═════ Input for this task

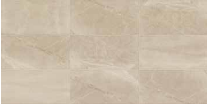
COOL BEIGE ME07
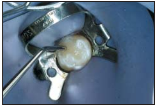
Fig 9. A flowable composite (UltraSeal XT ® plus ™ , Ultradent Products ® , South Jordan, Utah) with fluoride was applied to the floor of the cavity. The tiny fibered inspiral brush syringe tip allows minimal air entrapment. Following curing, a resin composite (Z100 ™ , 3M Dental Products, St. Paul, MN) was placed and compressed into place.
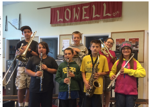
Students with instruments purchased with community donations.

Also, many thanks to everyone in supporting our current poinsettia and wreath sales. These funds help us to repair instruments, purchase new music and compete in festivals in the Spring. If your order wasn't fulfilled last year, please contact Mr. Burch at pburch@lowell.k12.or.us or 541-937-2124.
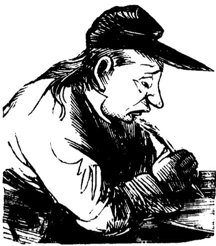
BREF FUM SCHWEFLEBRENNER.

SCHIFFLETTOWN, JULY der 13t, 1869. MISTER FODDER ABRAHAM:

══════════
═════ Input for this task

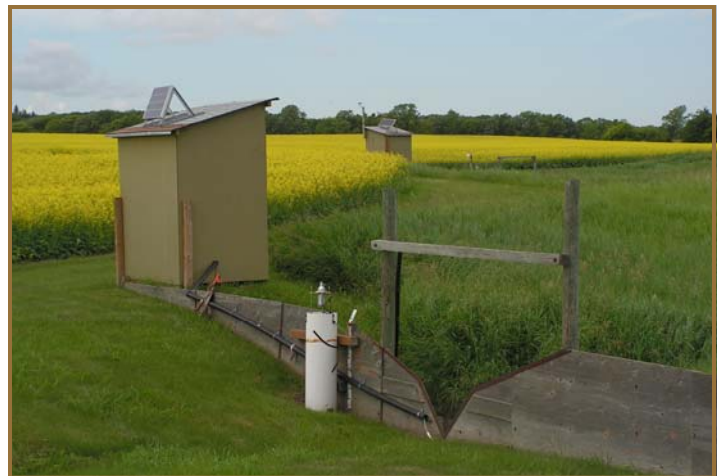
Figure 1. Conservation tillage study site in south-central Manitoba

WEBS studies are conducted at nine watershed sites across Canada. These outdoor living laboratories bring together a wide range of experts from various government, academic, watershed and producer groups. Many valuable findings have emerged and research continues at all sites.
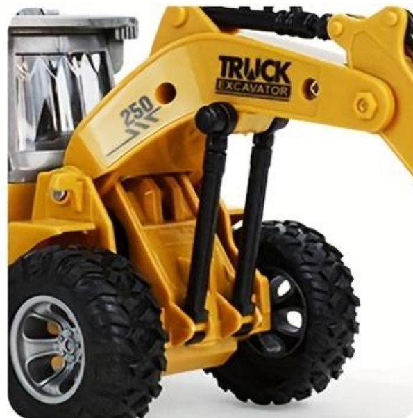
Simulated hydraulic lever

══════════
═════ Input for this task

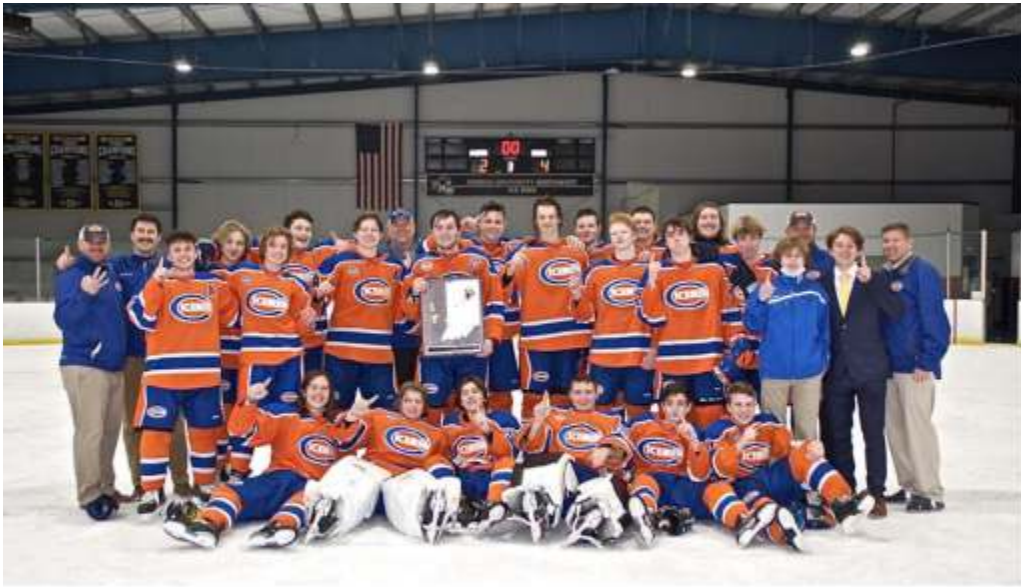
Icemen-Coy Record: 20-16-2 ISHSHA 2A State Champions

══════════

_Work request_: Using the data above, output the line that has "COOL BEIGE ME07", the line that has "SCHIFFLETTOWN, JULY der", and whatever lines fall between, each exactly as it stands and without pictures.

_Your response_:
COOL BEIGE ME07
Fig 9. A flowable composite (UltraSeal XT ® plus ™ , Ultradent Products ® , South Jordan, Utah) with fluoride was applied to the floor of the cavity. The tiny fibered inspiral brush syringe tip allows minimal air entrapment. Following curing, a resin composite (Z100 ™ , 3M Dental Products, St. Paul, MN) was placed and compressed into place.
Students with instruments purchased with community donations.

Also, many thanks to everyone in supporting our current poinsettia and wreath sales. These funds help us to repair instruments, purchase new music and compete in festivals in the Spring. If your order wasn't fulfilled last year, please contact Mr. Burch at pburch@lowell.k12.or.us or 541-937-2124.
BREF FUM SCHWEFLEBRENNER.

SCHIFFLETTOWN, JULY der 13t, 1869. MISTER FODDER ABRAHAM:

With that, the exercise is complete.